“Face-to-face communication is a fundamental human need. Whilst Faceback aims to empower individuals to create new face-to-face connections and friendships, just as importantly perhaps, the project acts as a catalyst for conversation and fresh thinking around these issues.”

Faceback’s inventor Katie Etheridge tells the story of how and why she created the hit ‘offline’ social networking game

In 2008 I was invited by an organisation called New Work Network to create a piece of work for a Live Art Festival that would encourage meetings between people who wouldn’t normally meet.

New Work Network recognised that even at professional gatherings and “networking” events there are so many barriers to meeting new people. Proximity does not always automatically mean connection as we see in many communities where it is possible to not know your neighbours.

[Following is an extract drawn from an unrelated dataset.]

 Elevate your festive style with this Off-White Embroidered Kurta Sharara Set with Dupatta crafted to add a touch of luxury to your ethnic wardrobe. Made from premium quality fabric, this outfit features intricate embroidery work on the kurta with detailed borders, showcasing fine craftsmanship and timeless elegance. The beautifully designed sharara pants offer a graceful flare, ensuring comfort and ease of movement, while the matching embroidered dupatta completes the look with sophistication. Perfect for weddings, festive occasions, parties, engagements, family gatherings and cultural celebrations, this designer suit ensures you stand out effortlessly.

At that time, I noticed that the novelty of online social networking was starting to wear off. People were becoming concerned with what happened to their images once they had put them online. Friends complained that they had never met many of their Facebook “friends”.

So I developed an antidote to online social networking, an art game designed to engineer 100’s of face to face encounters between strangers, and to free people from the pressures that often accompany live social networking, for example, thinking of something to say, or working out who you should be talking to, or plucking up the courage to approach someone you don’t know.

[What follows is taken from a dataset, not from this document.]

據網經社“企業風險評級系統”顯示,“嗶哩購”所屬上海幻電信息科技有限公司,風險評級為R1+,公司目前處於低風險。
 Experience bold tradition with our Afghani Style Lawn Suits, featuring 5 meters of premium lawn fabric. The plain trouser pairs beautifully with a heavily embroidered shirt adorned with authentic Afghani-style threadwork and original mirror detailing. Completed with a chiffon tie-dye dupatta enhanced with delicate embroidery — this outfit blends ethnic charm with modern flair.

So this is how it works. At a Faceback event, your face is made into a badge. You choose a badge with someone else’s face on, and your mission is to meet that person and give them their face back!

The game creates a chain of random face-to-face meetings that unfolds over several hours, days or weeks. As a temporary community is formed, the badges become the currency for interaction and group belonging, enabling players to talk to people they don’t already know.

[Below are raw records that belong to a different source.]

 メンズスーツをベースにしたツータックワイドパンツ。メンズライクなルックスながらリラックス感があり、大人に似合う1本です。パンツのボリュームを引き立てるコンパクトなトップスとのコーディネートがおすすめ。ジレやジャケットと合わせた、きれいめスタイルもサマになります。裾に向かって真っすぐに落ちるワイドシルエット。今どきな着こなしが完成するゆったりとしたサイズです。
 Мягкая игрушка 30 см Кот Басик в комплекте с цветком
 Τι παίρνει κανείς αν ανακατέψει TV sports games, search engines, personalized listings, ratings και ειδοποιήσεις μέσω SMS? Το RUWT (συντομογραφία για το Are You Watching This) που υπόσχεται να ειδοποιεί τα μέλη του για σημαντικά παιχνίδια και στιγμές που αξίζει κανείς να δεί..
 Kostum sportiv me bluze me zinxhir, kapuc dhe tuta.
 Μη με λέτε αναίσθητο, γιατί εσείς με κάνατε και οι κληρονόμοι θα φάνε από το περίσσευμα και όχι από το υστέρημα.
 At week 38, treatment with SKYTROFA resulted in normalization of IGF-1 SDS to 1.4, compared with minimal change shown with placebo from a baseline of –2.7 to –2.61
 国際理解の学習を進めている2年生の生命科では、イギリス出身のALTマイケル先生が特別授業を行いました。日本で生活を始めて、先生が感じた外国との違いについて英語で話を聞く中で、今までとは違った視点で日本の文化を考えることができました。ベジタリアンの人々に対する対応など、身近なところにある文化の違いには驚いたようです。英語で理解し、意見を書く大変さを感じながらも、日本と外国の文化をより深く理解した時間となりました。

To see the game in action click here

I started experimenting with taking Faceback into different contexts. What if it could be played across a whole town? A whole neighbourhood? What kinds of meetings and connections could be made? What could Faceback do for community cohesion and wellbeing?

What had become clear even before the pandemic, is that at a time when we are told that we have never been more connected to each other via social media, online, and mobile technologies, charities are documenting extremely high levels of loneliness and social isolation. Research carried out in 2016 by British Red Cross found that 9 million people reported feeling always or often lonely.

So much of our communication is mediated through screens that we are having to re-learn how to communicate face to face. How to notice each other. How to relate to each other in real life.

Face-to-face communication is a fundamental human need. Whilst Faceback aims to empower individuals to create new face-to-face connections and friendships, just as importantly perhaps, the project acts as a catalyst for conversation and fresh thinking around these issues.